**YOUR OBJECTIVE:** Return each record word for word, keeping none of its pictures.
▬▬▬▬▬▬
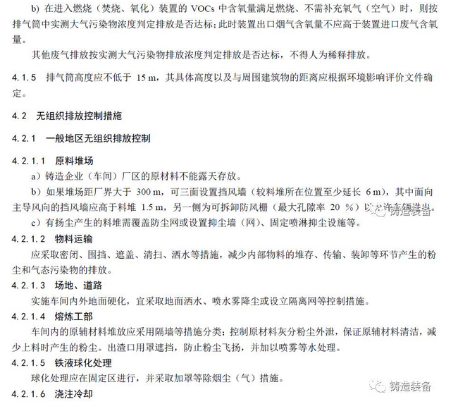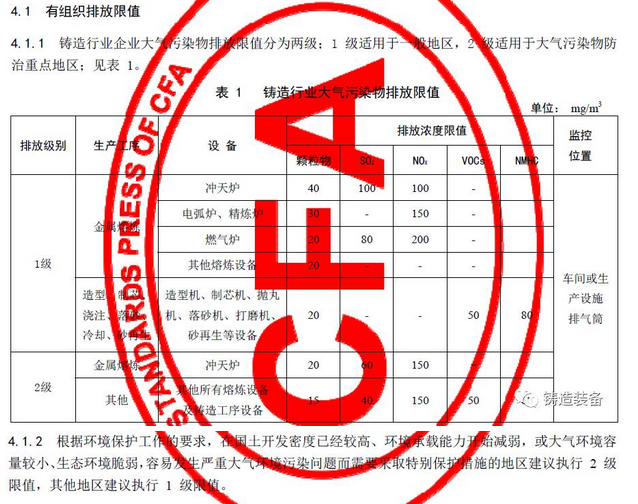 現(xiàn)摘錄T/CFA030802-2—2017中“4排放控制要求”、“5污染物監(jiān)測要求”、“6實(shí)施與監(jiān)督”部分。前三部分“1范圍、2規(guī)范性引用文件、3術(shù)語與定義”請自行登錄中國鑄造協(xié)會網(wǎng)站查閱。
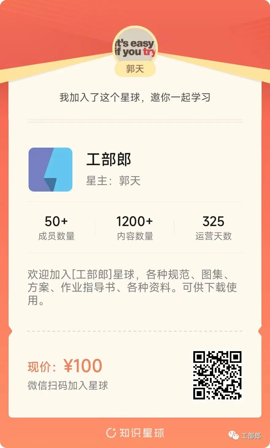 扫码加入【工部郎】 知识星球
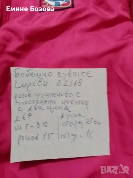 Розово шушлеково чувалче екскимос Lupilu с постоянна качулка,два ципа 62/68. Ширина под мишници 30смРъкав 15см.
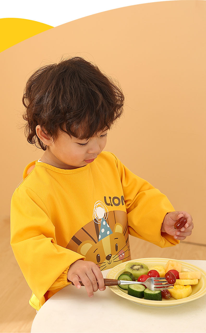 子供用カバー防水長袖エプロン汚れに強い飲食幼稚園の食事をしています。
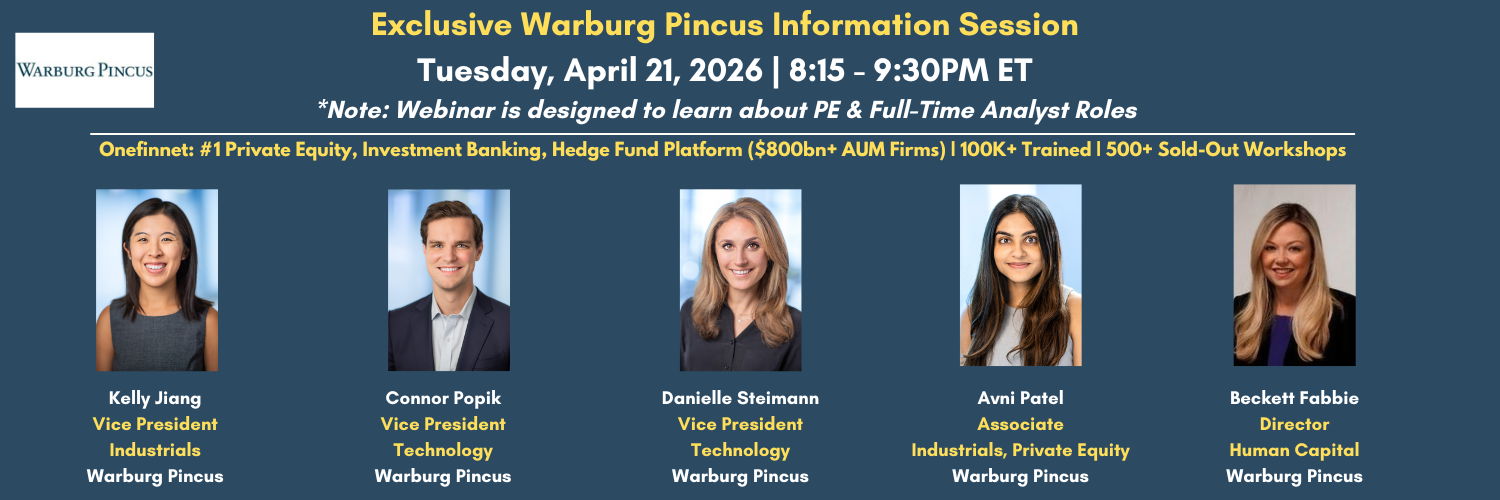 Join an exclusive Private Equity Information Session with Warburg Pincus, one of the leading global private equity firms with $100B+ in AUM, 215+ active portfolio ...
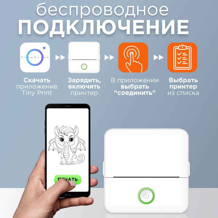 Купить Мини принтер для телефона беспроводной TinyPrint
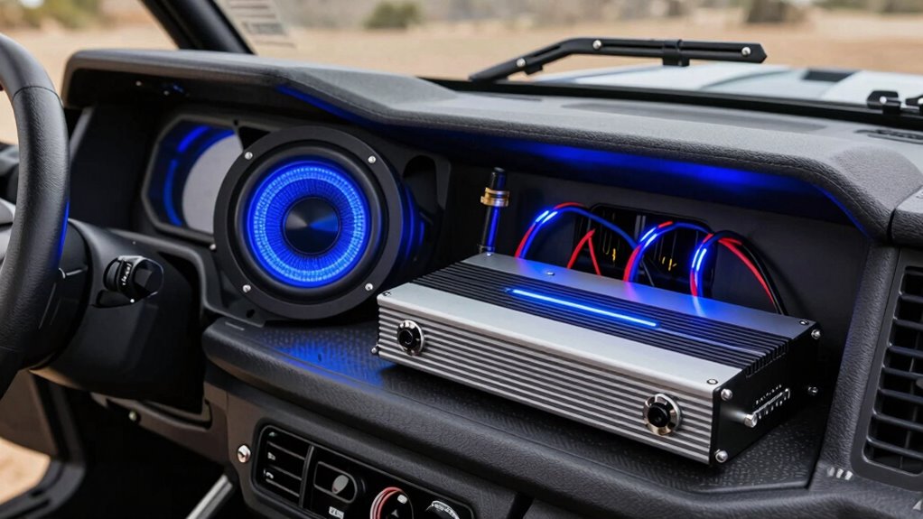 Ensuring your UTV’s subwoofer and amplifier work seamlessly together hinges on matching their power specifications. First, check that the subwoofer’s RMS power matches the amplifier’s output to prevent underperformance or damage. The amplifier’s wattage capacity should be enough to deliver the bass you want without exceeding the subwoofer’s maximum handling. Additionally, verify that your UTV’s power supply can provide the necessary voltage and current for the amplifier to operate efficiently. Impedance matching is also critical; ensure the subwoofer and amplifier share the same ohm rating to optimize power transfer and avoid electrical issues. Ultimately, confirm that the amplifier’s voltage compatibility aligns with your UTV’s 12V system, ensuring reliable performance and longevity.
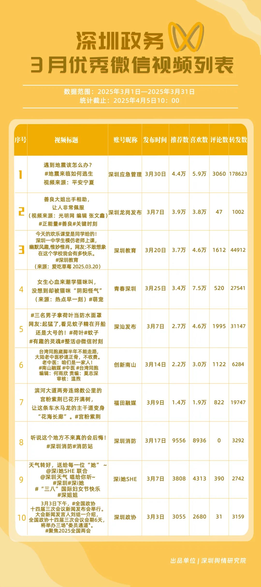 3月,獲“深圳優(yōu)秀政務微信視頻號”稱號的分別是“深圳應急管理”“深圳教育”“深汕發(fā)布”“青春深圳”“創(chuàng)新南山”“福田融媒”“深圳龍崗發(fā)布”“深圳光明”“文旅深圳”“深圳天氣”。其中,“深圳應急管理”以20余篇作品收獲超20萬次轉發(fā),躍居第一名,一期有關“地震來臨如何逃生”的視頻收獲超17萬次轉發(fā),展現(xiàn)了其內容的高實用性。“深圳教育”“深汕發(fā)布”位于榜單第二、三位,總分超90分,反映出兩賬號在民生教育、區(qū)域宣傳領域擁有較好傳播效果。“青春深圳”“創(chuàng)新南山”“福田融媒”等賬號也在3月發(fā)布優(yōu)質視頻內容,展現(xiàn)了深圳政務新媒體在視頻號平臺宣傳的創(chuàng)新探索。
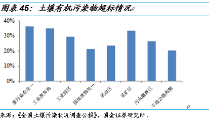 除了耕地污染,我國(guó)場(chǎng)地污染情況也很嚴(yán)重。全國(guó)土壤污染狀況調(diào)研公報(bào)中,重污染企業(yè)、工業(yè)廢棄地和工業(yè)園區(qū)的有機(jī)污染超標(biāo)均達(dá)到和超過了30%。隨著我國(guó)城鎮(zhèn)化率的提高和城市建設(shè)面積的擴(kuò)大,很多重污染企業(yè)需要搬離城區(qū),這將產(chǎn)生很大的場(chǎng)地修復(fù)需求。
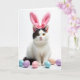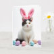 Designed with a studio-style look, this card features a white cat with a dark patch framing one eye and ear, sitting calmly against a plain white background. A fluffy pink headband with tall bunny ears and a small bow rests on its head, adding a sweet, slightly silly touch 🐰. The cat’s golden-amber eyes look straight ahead with a gentle, friendly focus, like it’s posing for someone it trusts. Soft, diffused lighting highlights the fur and whiskers, keeping the scene tender and close-up rather than dramatic. Near the bottom, several smooth egg-shaped decorations in pastel blue, lavender, and soft pink are arranged around the cat’s paws, bringing in a springtime feel 🌷. The greeting “Happy Easter” appears near the top in pink lettering, with a smaller line of text centered beneath it in light gray. The white background stays uncluttered, letting the pink ears and pastel eggs stand out clearly.
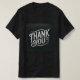 Um criativo "Obrigado" escrito em letras brancas no estilo do giz sobre um fundo preto em forma de quadro negro. Um olhar único e artístico para a camiseta Mens.
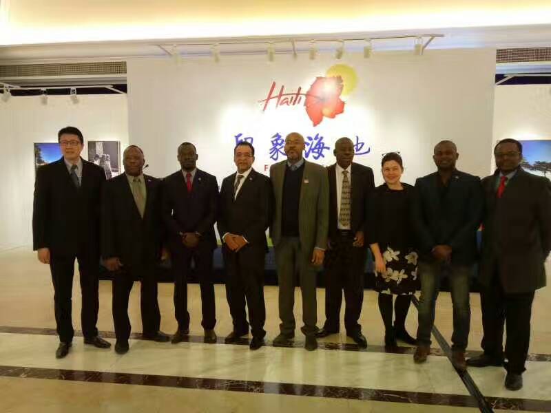海地贸易发展局在华常驻代表拉尔夫先生(左3)与海地的另两位工作人员合影
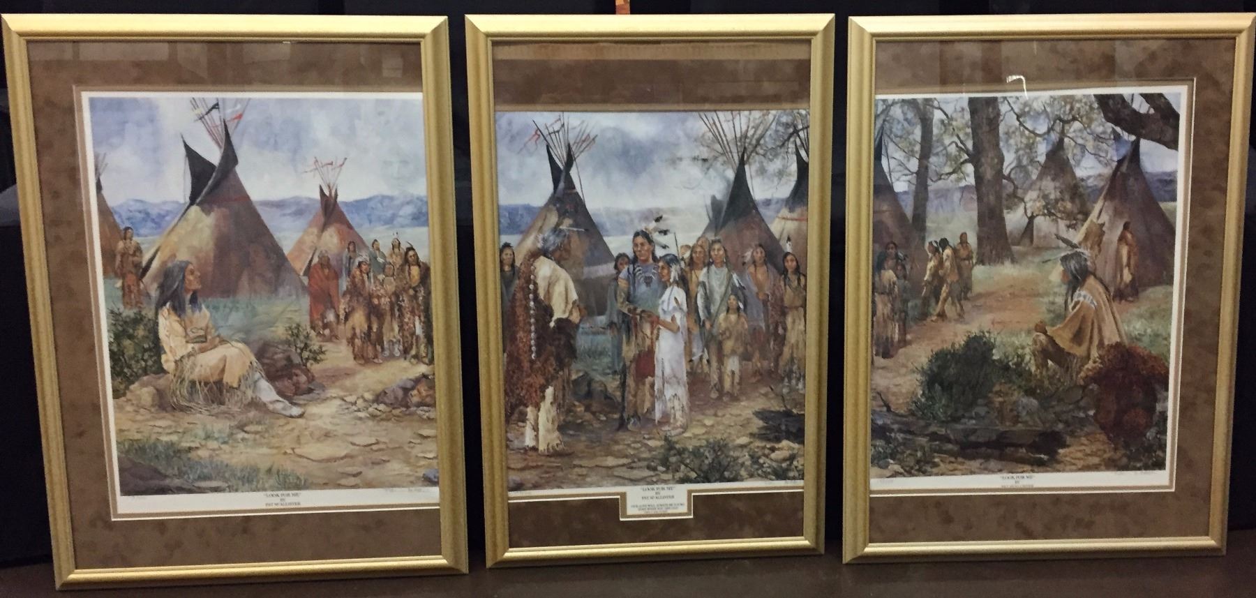 Maker: Pat McAllister. Approx. Age: Fairly Modern Size: (1) 18 1/2” x 29” (2) 21” x 29”, includes frame. Additional Info: #173 of 500 limited edition, 3-piece prints. Condition: Pretty good for its age, normal wear expected. One of them has slid in the frame. Please look closely at the pictures - they are an important part of our description. Shipping: There will be a $15 handling / packaging fee for shipping this lot. The actual cost of postage will be added on top of that.
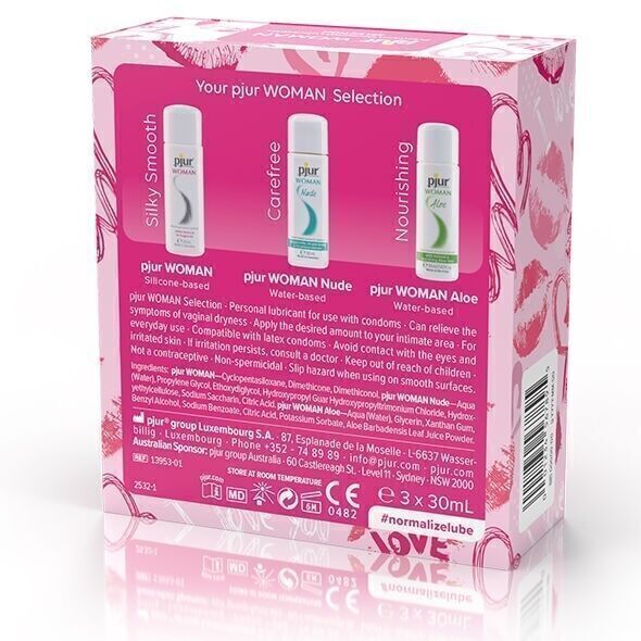 Una selezione dei tre lubrificanti premium Pjur WOMAN più amati in una bella scatola e contiene:
▬▬▬▬▬▬
**ANSWER TO THE EXERCISE:**
 現(xiàn)摘錄T/CFA030802-2—2017中“4排放控制要求”、“5污染物監(jiān)測要求”、“6實(shí)施與監(jiān)督”部分。前三部分“1范圍、2規(guī)范性引用文件、3術(shù)語與定義”請自行登錄中國鑄造協(xié)會網(wǎng)站查閱。
 扫码加入【工部郎】 知识星球
 Розово шушлеково чувалче екскимос Lupilu с постоянна качулка,два ципа 62/68. Ширина под мишници 30смРъкав 15см.
 子供用カバー防水長袖エプロン汚れに強い飲食幼稚園の食事をしています。
 Join an exclusive Private Equity Information Session with Warburg Pincus, one of the leading global private equity firms with $100B+ in AUM, 215+ active portfolio ...
 Купить Мини принтер для телефона беспроводной TinyPrint
 Ensuring your UTV’s subwoofer and amplifier work seamlessly together hinges on matching their power specifications. First, check that the subwoofer’s RMS power matches the amplifier’s output to prevent underperformance or damage. The amplifier’s wattage capacity should be enough to deliver the bass you want without exceeding the subwoofer’s maximum handling. Additionally, verify that your UTV’s power supply can provide the necessary voltage and current for the amplifier to operate efficiently. Impedance matching is also critical; ensure the subwoofer and amplifier share the same ohm rating to optimize power transfer and avoid electrical issues. Ultimately, confirm that the amplifier’s voltage compatibility aligns with your UTV’s 12V system, ensuring reliable performance and longevity.
 3月,獲“深圳優(yōu)秀政務微信視頻號”稱號的分別是“深圳應急管理”“深圳教育”“深汕發(fā)布”“青春深圳”“創(chuàng)新南山”“福田融媒”“深圳龍崗發(fā)布”“深圳光明”“文旅深圳”“深圳天氣”。其中,“深圳應急管理”以20余篇作品收獲超20萬次轉發(fā),躍居第一名,一期有關“地震來臨如何逃生”的視頻收獲超17萬次轉發(fā),展現(xiàn)了其內容的高實用性。“深圳教育”“深汕發(fā)布”位于榜單第二、三位,總分超90分,反映出兩賬號在民生教育、區(qū)域宣傳領域擁有較好傳播效果。“青春深圳”“創(chuàng)新南山”“福田融媒”等賬號也在3月發(fā)布優(yōu)質視頻內容,展現(xiàn)了深圳政務新媒體在視頻號平臺宣傳的創(chuàng)新探索。
 除了耕地污染,我國(guó)場(chǎng)地污染情況也很嚴(yán)重。全國(guó)土壤污染狀況調(diào)研公報(bào)中,重污染企業(yè)、工業(yè)廢棄地和工業(yè)園區(qū)的有機(jī)污染超標(biāo)均達(dá)到和超過了30%。隨著我國(guó)城鎮(zhèn)化率的提高和城市建設(shè)面積的擴(kuò)大,很多重污染企業(yè)需要搬離城區(qū),這將產(chǎn)生很大的場(chǎng)地修復(fù)需求。
 Designed with a studio-style look, this card features a white cat with a dark patch framing one eye and ear, sitting calmly against a plain white background. A fluffy pink headband with tall bunny ears and a small bow rests on its head, adding a sweet, slightly silly touch 🐰. The cat’s golden-amber eyes look straight ahead with a gentle, friendly focus, like it’s posing for someone it trusts. Soft, diffused lighting highlights the fur and whiskers, keeping the scene tender and close-up rather than dramatic. Near the bottom, several smooth egg-shaped decorations in pastel blue, lavender, and soft pink are arranged around the cat’s paws, bringing in a springtime feel 🌷. The greeting “Happy Easter” appears near the top in pink lettering, with a smaller line of text centered beneath it in light gray. The white background stays uncluttered, letting the pink ears and pastel eggs stand out clearly.
 Um criativo "Obrigado" escrito em letras brancas no estilo do giz sobre um fundo preto em forma de quadro negro. Um olhar único e artístico para a camiseta Mens.
海地贸易发展局在华常驻代表拉尔夫先生(左3)与海地的另两位工作人员合影
 Maker: Pat McAllister. Approx. Age: Fairly Modern Size: (1) 18 1/2” x 29” (2) 21” x 29”, includes frame. Additional Info: #173 of 500 limited edition, 3-piece prints. Condition: Pretty good for its age, normal wear expected. One of them has slid in the frame. Please look closely at the pictures - they are an important part of our description. Shipping: There will be a $15 handling / packaging fee for shipping this lot. The actual cost of postage will be added on top of that.
 Una selezione dei tre lubrificanti premium Pjur WOMAN più amati in una bella scatola e contiene:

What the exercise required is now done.